Palonosetron Hydrochloride (Page 2 of 5)

6.2 Postmarketing Experience

The following adverse reactions have been identified during post approval use of another intravenous formulation of palonosetron HCl. Because these reactions are reported voluntarily from a population of uncertain size, it is not always possible to reliably estimate their frequency or establish a causal relationship to drug exposure.

Very rare cases (<1/10,000) of hypersensitivity reactions including anaphylaxis and anaphylactic shock and injection site reactions (burning, induration, discomfort and pain) were reported from postmarketing experience of palonosetron HCl 0.25 mg in the prevention of chemotherapy-induced nausea and vomiting.

7 DRUG INTERACTIONS

7.1 Serotonergic Drugs

Serotonin syndrome (including altered mental status, autonomic instability, and neuromuscular symptoms) has been described following the concomitant use of 5-HT3 receptor antagonists and other serotonergic drugs, including selective serotonin reuptake inhibitors (SSRIs) and serotonin and noradrenaline reuptake inhibitors (SNRIs). Monitor for the emergence of serotonin syndrome. If symptoms occur, discontinue Palonosetron HCl Injection and initiate supportive treatment [see Warnings and Precautions (5.2)].
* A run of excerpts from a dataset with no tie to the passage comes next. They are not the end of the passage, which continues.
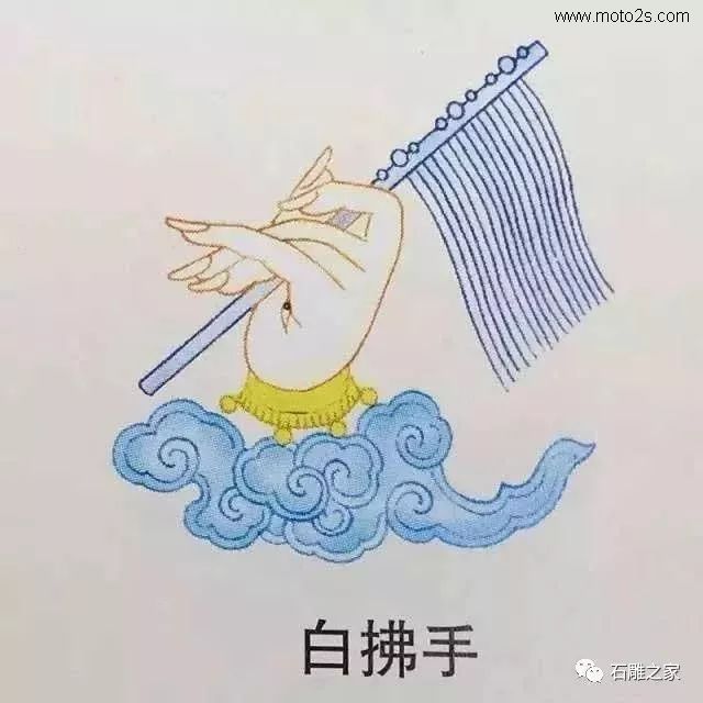 白拂手:吃白拂,表示能断除一切魔障,困难。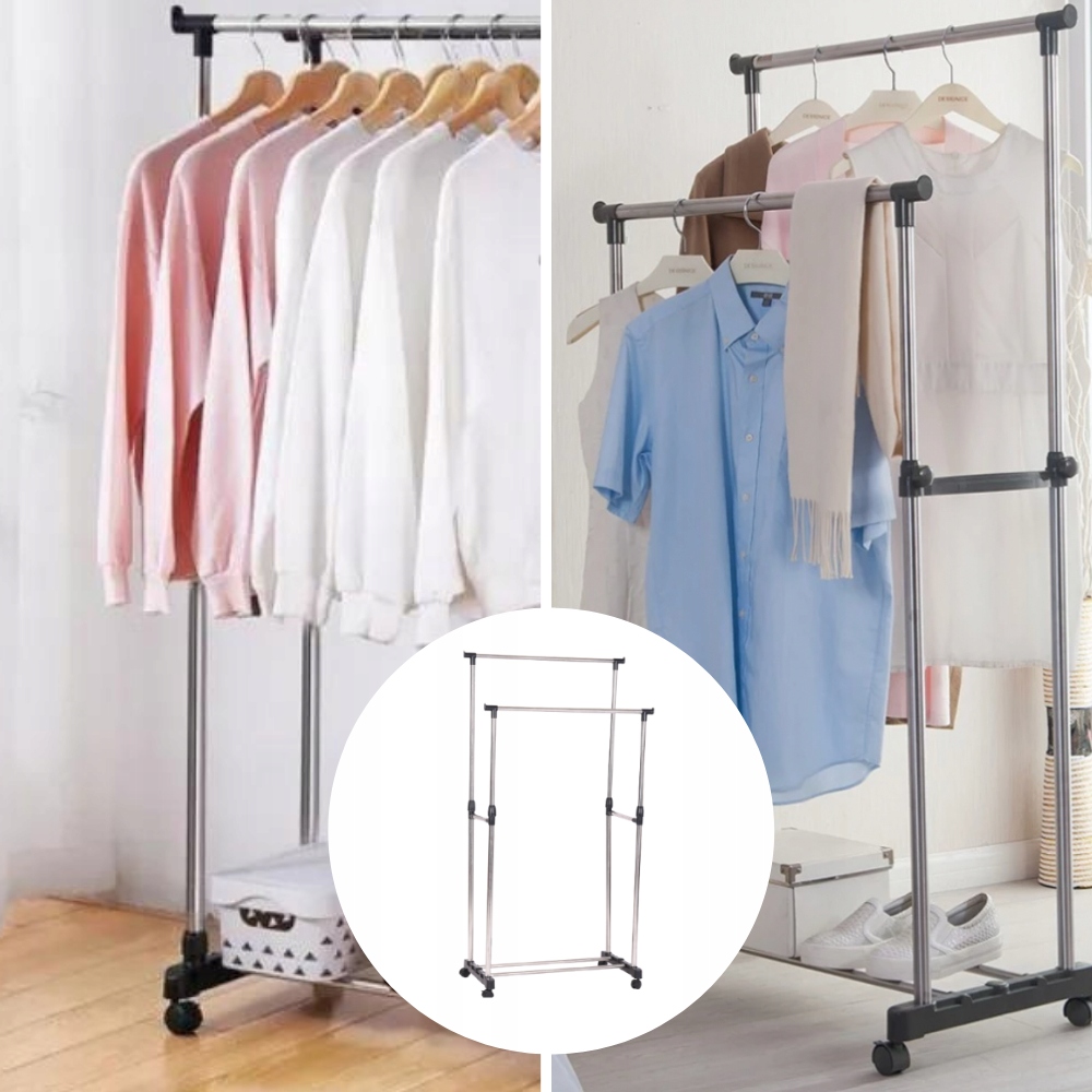 ПОДВІЙНА ВІШАЛКА, ПІДСТАВКА ДЛЯ ОДЯГУ НА КОЛЕСАХ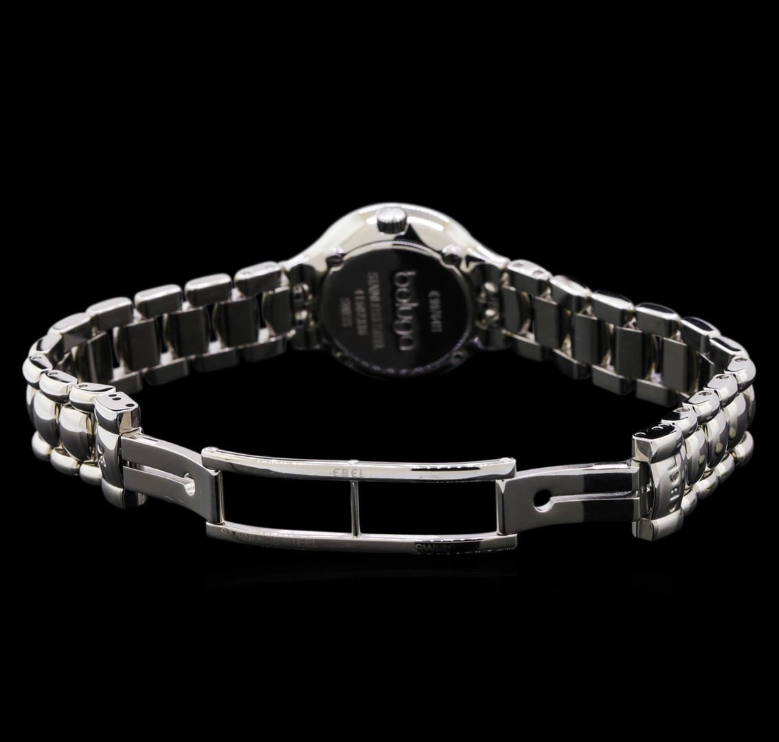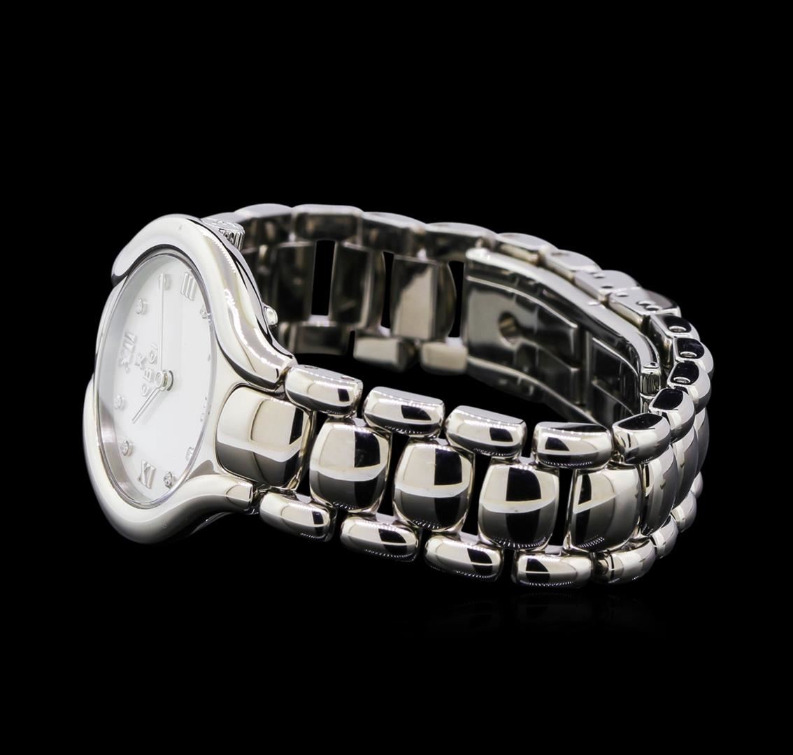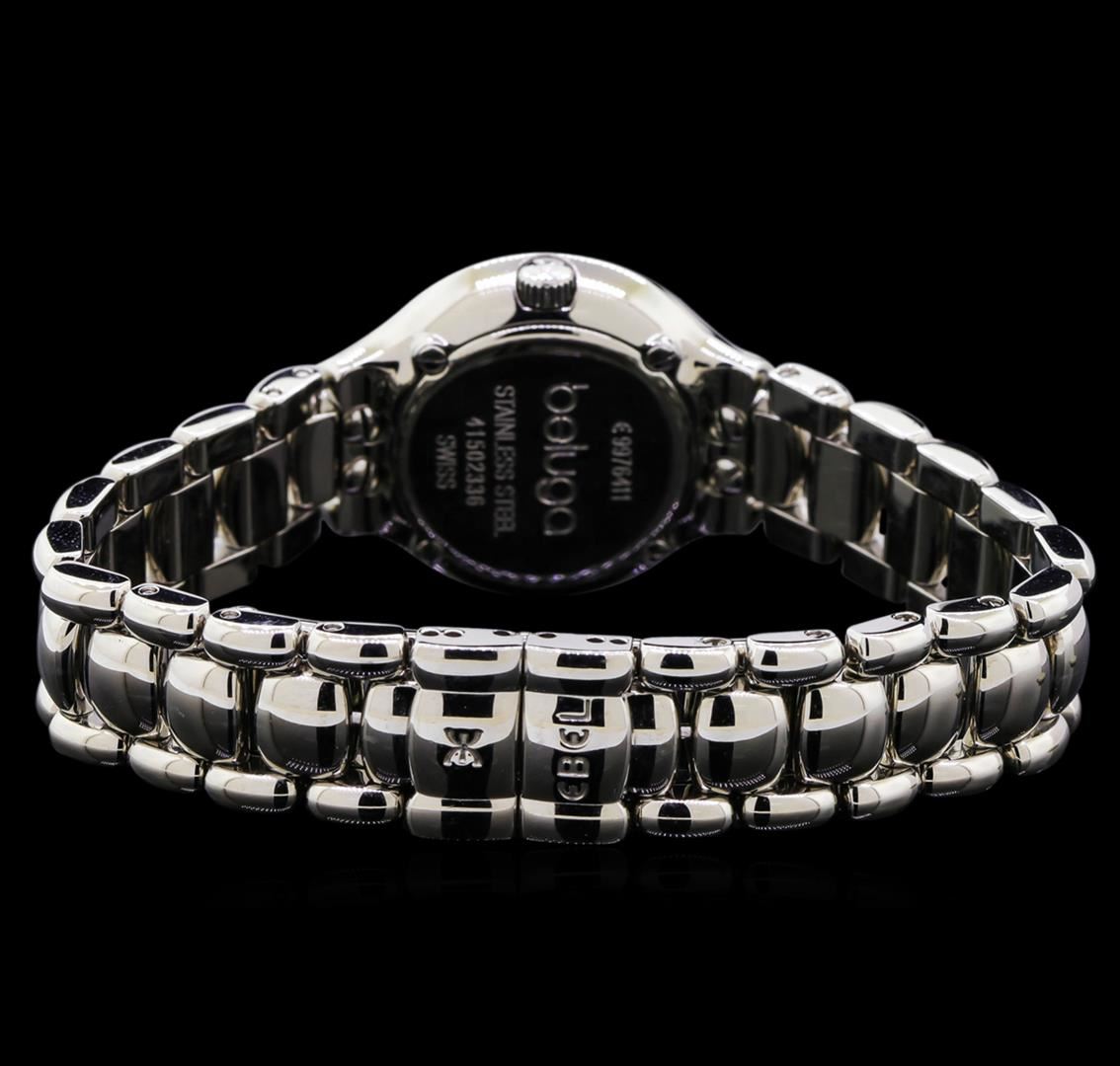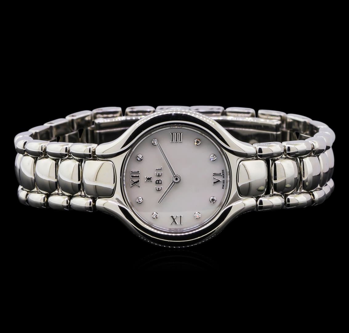 One Ebel Beluga ladies watch featuring: Movement: Swiss. Case: Stainless steel. Case Diameter: 25 mm. Dial: Mother of pearl; diamond hour markers. Bracelet: Stainless steel; 7" length. Water Resistant: 30 meter. Condition: Like new never worn, outstanding condition.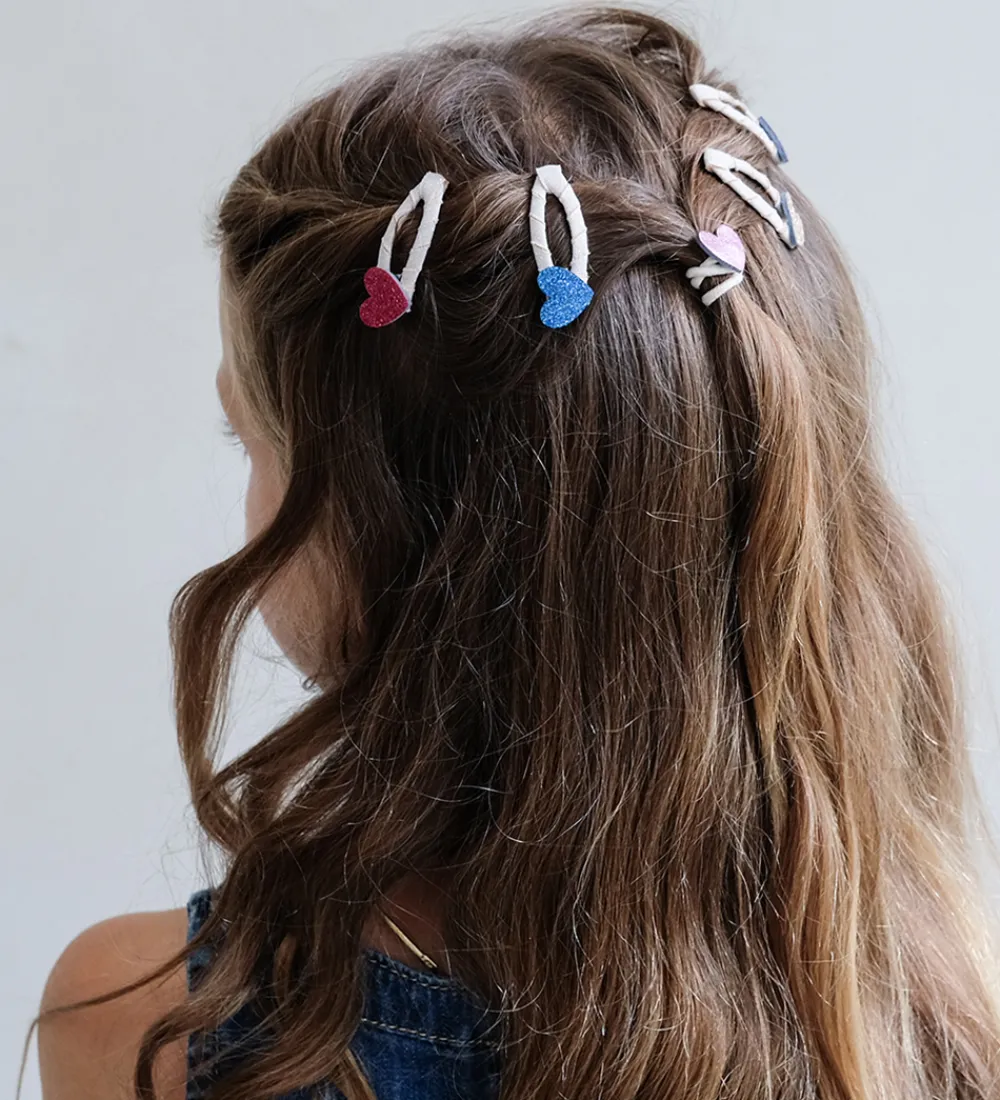 Seje Mimi & Lula hårspænder solgt i en 5-pak i lys glimmerbeige og med glimmerhjerter i forskellige farver.

8 USE IN SPECIFIC POPULATIONS

8.1 Pregnancy

R i sk Summary

There are no available data on palonosetron HCl use in pregnant women to inform a drug-associated risk. In animal reproduction studies, no effects on embryo-fetal development were observed with the administration of oral palonosetron HCl to rats and rabbits during organogenesis at doses up to 1894 and 3789 times the recommended human intravenous dose, respectively [see Data].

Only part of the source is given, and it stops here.